根据硬件的特性,其中内核空间地址又可以分为几个区域,主要有:ZONE_DMA, ZONE_NORMAL, ZONE_HIGHEM。在物理内存直接线性映射到内核空间ZONE_NORMAL,理论上如果内存不超过1G,1G线性空间足够映射物理内存了。如果物理内存大于1G,为了使内核空间的1G线性地址可以访问到大于1G的物理内存,把物理内存分为两部分,ZONE_NORMAL 区域的进行直接内存映射,这个区域的大小一般是896MB,也就是说存在一个线性关系:virtual address = physical address + PAGE_OFFSET,这里的PAGE_OFFSET为3G。剩下一个128MB的空间,称为高端内存,这个空间作为一个窗口动态进行映射,这样就可以访问大于1G的内存。ZONE_DMA 主要用于硬件特定的地址访问。
Android X86 模拟器上可以看到:MemTotal HighTotal LowTotal。
generic_x86:/ # cat /proc/meminfoMemTotal: 1030820 kBMemFree: 519392 kBBuffers: 4460 kBCached: 325292 kBSwapCached: 0 kBActive: 184672 kBInactive: 290712 kBHighTotal: 180104 kBHighFree: 1132 kBLowTotal: 850716 kBLowFree: 518260 kB
mm_struct 和vm_area_struct
mm_struct 用来描述一个进程的虚拟地址空间。进程的 mm_struct 则包含装入 的可执行映像信息以及进程的页目录指针pgd。该结构还包含有指向 vm_area_struct结构的几个指针,每个vm_area_struct代表进程的一个虚拟地址区间。 vm_area_struct结构含有指向vm_operations_struct结构的一个指针, vm_operations_struct描述了在这个区间的操作
Binder 控制数据结构
binder_proc
binder_proc和进程相关,用户空间中每个进程中对应一个内核的binder_proc 结构体。所有进程的binder_proc 结构体用双链表组织。在内核中双链表相关的结构体是 hlist_node,具体使用参考相关API
struct binder_proc { struct hlist_node proc_node; struct rb_root threads; struct rb_root nodes; struct rb_root refs_by_desc; struct rb_root refs_by_node; int pid; struct vm_area_struct *vma; struct mm_struct *vma_vm_mm; struct task_struct *tsk; struct files_struct *files; struct hlist_node deferred_work_node; int deferred_work; void *buffer; ptrdiff_t user_buffer_offset; struct list_head buffers; struct rb_root free_buffers; struct rb_root allocated_buffers; size_t free_async_space; struct page **pages; size_t buffer_size; uint32_t buffer_free; struct list_head todo; wait_queue_head_t wait; struct binder_stats stats; struct list_head delivered_death; int max_threads; int requested_threads; int requested_threads_started; int ready_threads; long default_priority; struct dentry *debugfs_entry;};
binder_thread
binder_thread 结构体和用户线程相关,用来描述用户空间的线程信息。binder_proc 结构体中有一个 struct rb_root threads 红黑树保存每个进程的线程信息。rb_node 是内核中的红黑树结构。binder_thread 结构体中有一个 struct rb_node rb_node 域,表示自己的在红黑树种的节点。

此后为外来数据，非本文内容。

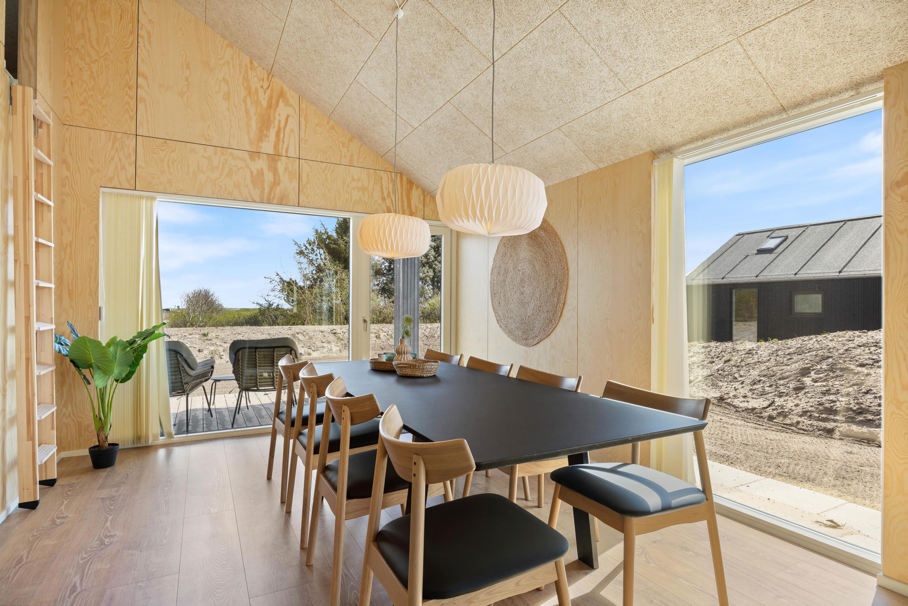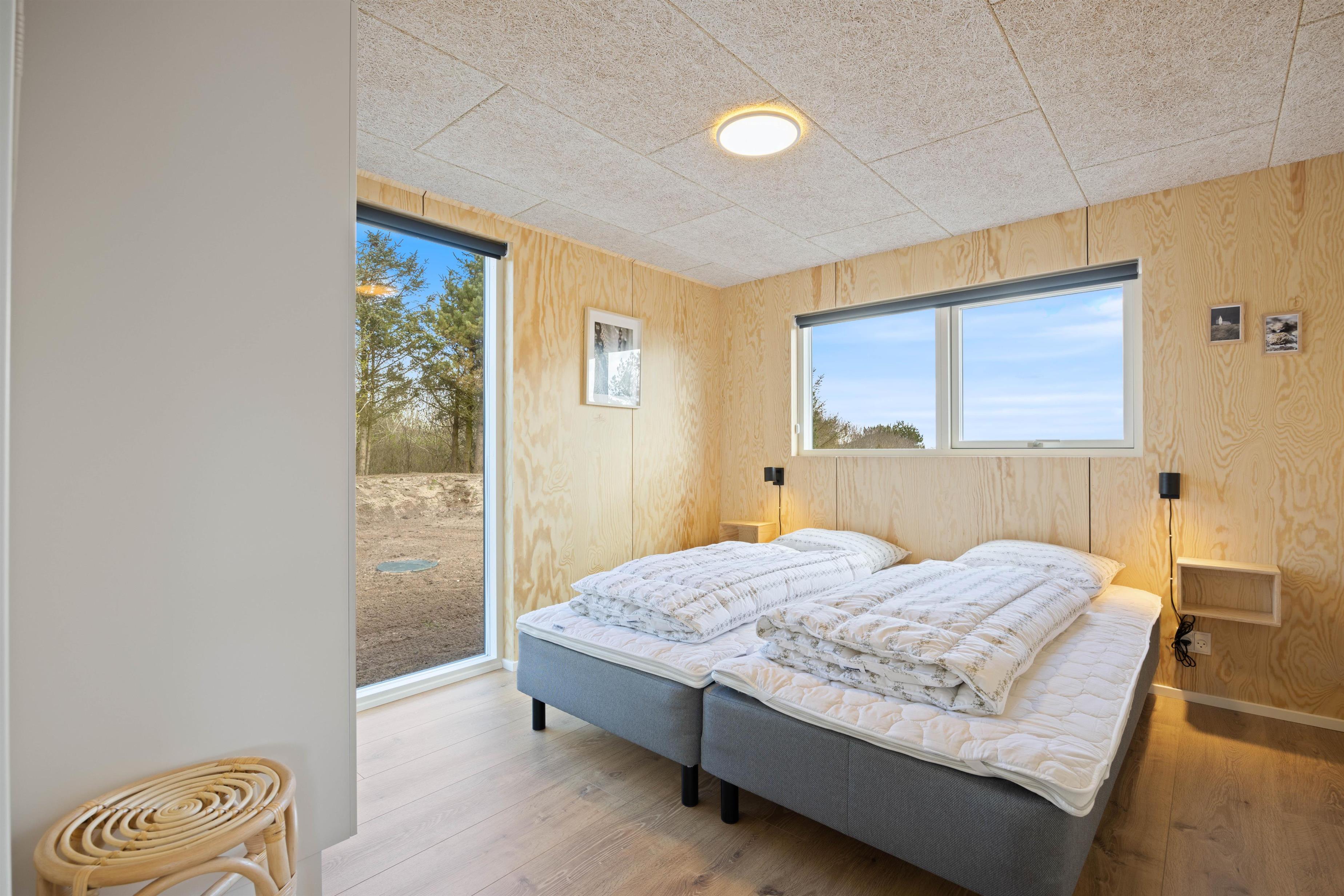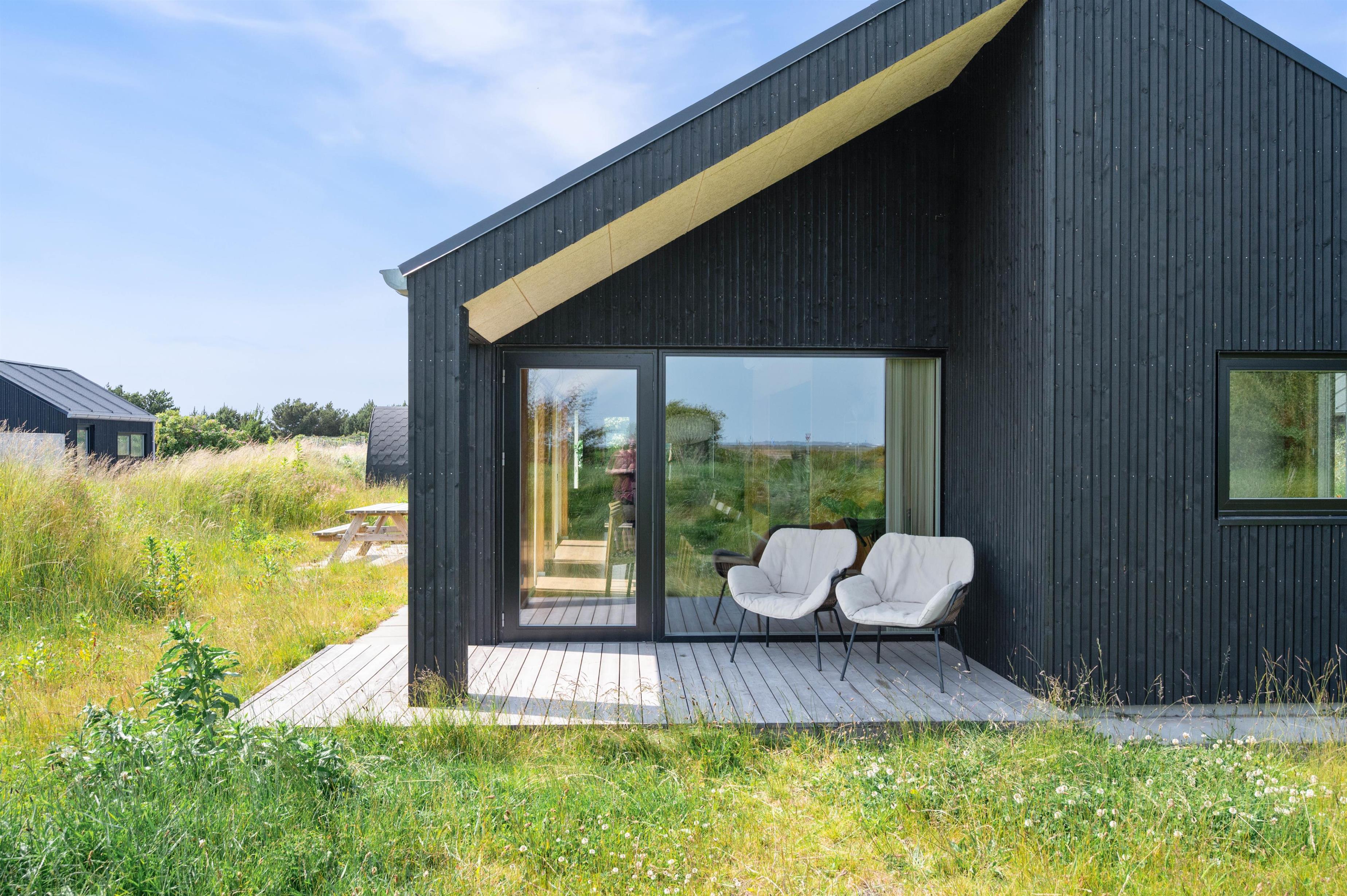I sommerhuset på P Snejkers Vej 21B i Søndervig vil I føle jer hjemme, allerede når I træder indenfor. Det flotte sommerhus, der er bygget i 2023, rummer nemlig en moderne indretning, der bliver komplimenteret af det skønne lysindfald.

struct binder_thread { struct binder_proc *proc; struct rb_node rb_node; int pid; int looper; struct binder_transaction *transaction_stack; struct list_head todo; uint32_t return_error; /* Write failed, return error code in read buf */ uint32_t return_error2; /* Write failed, return error code in read */ /* buffer. Used when sending a reply to a dead process that */ /* we are also waiting on */ wait_queue_head_t wait; struct binder_stats stats;};
binder_node
binder_node 在内核中表示一个Binder 服务,代表服务端,也用红黑树的方式组织。
struct binder_node { int debug_id; struct binder_work work; union { struct rb_node rb_node; struct hlist_node dead_node; }; struct binder_proc *proc; struct hlist_head refs; int internal_strong_refs; int local_weak_refs; int local_strong_refs; binder_uintptr_t ptr; binder_uintptr_t cookie; unsigned has_strong_ref:1; unsigned pending_strong_ref:1; unsigned has_weak_ref:1; unsigned pending_weak_ref:1; unsigned has_async_transaction:1; unsigned accept_fds:1; unsigned min_priority:8; struct list_head async_todo;};
binder_ref
binder_ref 也表示内核中Binder 的节点,但是和binder_node不同的是binder_ref 表示的是代理端。binder_node 和 binder_ref 是相互关联的,代表的是一对多的关系,所以在binder_node中,binder_ref 用一个双链表表示 struct hlist_head refs。binder_ref仅仅有一个binder_node的指针,这也和服务端,客户端的关系对应起来。
struct binder_ref { /* Lookups needed: */ /* node + proc => ref (transaction) */ /* desc + proc => ref (transaction, inc/dec ref) */ /* node => refs + procs (proc exit) */ int debug_id; struct rb_node rb_node_desc; struct rb_node rb_node_node; struct hlist_node node_entry; struct binder_proc *proc; struct binder_node *node; uint32_t desc; int strong; int weak; struct binder_ref_death *death;};
binder_work
binder_work 代表一个Binder 事物,具体来说,每次ioctl 产生一个binder_work。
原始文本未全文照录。